Gladys Ngwepekeum Nkeh is a United Nations police officer (UNPOL) from Cameroon, one of some 12,870 uniformed personnel working with the UN peacekeeping mission in the Central African Republic.

Earlier this year, the officer and her team went to a school – Ecole des 136 villas – in Bangui looking for Ashley, a young girl who she found out from community leaders had been raped and became pregnant.

“She was so very sad,” Gladys told UN News. That day would be a turning point for Ashley, for Gladys, and for hundreds of girls who attend the school.

Gladys was deployed to the UN Multidimensional Integrated Stabilization Mission in the Central African Republic (MINUSCA) eight months ago as a gender officer.

Every day, Gladys collaborates with the national police in the capital, Bangui, at the police station for the First District. She monitors the work of the national police, ensuring that the basic human rights of detainees are respected, and that international professional standards are met.

She also meets regularly with community members in central Bangui, talking to local leaders and traditional chiefs to promote gender rights.

By meeting with community members, Gladys learned about Ashley Bongo Passi, a 13-year-old girl who was raped and became pregnant as a result.
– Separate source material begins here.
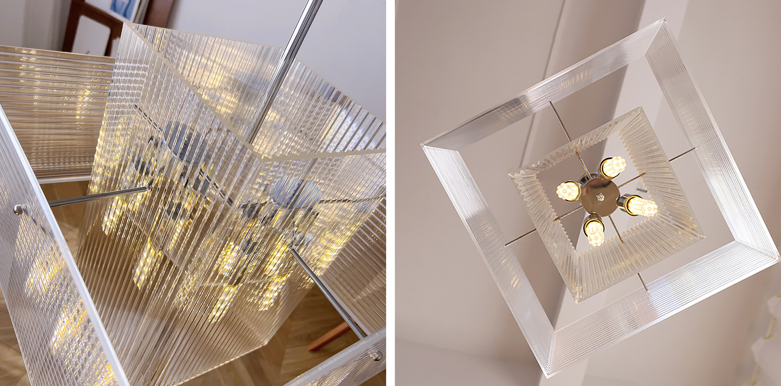 The Ripple Square Pendant Lamp features layered acrylic panels with delicate horizontal textures that capture and reflect light like ripples across water.
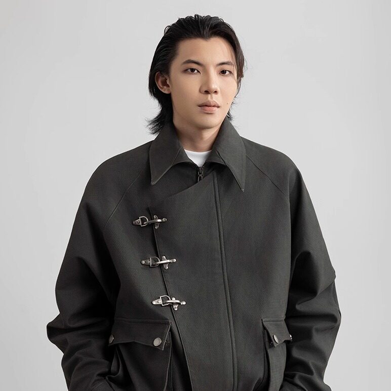 BSN1负一层【灰影莲甲】新款小众异形榫卯领子立体工装飞机扣夹克

Gladys supported Ashley, and her 25-year-old mother, by sending Ashley to the non-governmental organization Médecins Sans Frontières (MSF), or Doctors Without Borders, for medical aid.

Gladys also worked to identify the rapist and arrest him, while also providing Ashley with support for clothes and baby formula for her six-week-old baby. Ashley was able to go back to school, and she named her baby Gladys, in tribute to the UN police officer who supported her. Gladys continues to help with Ashley’s school fees.

In addition to her regular duties, Gladys and her UNPOL colleagues provide classes at Ashley’s school, Ecole des 136 villas, on sexual education and preventing gender-based violence. The students are from the last elementary class (CM2) at the school, which has over 2,700 students.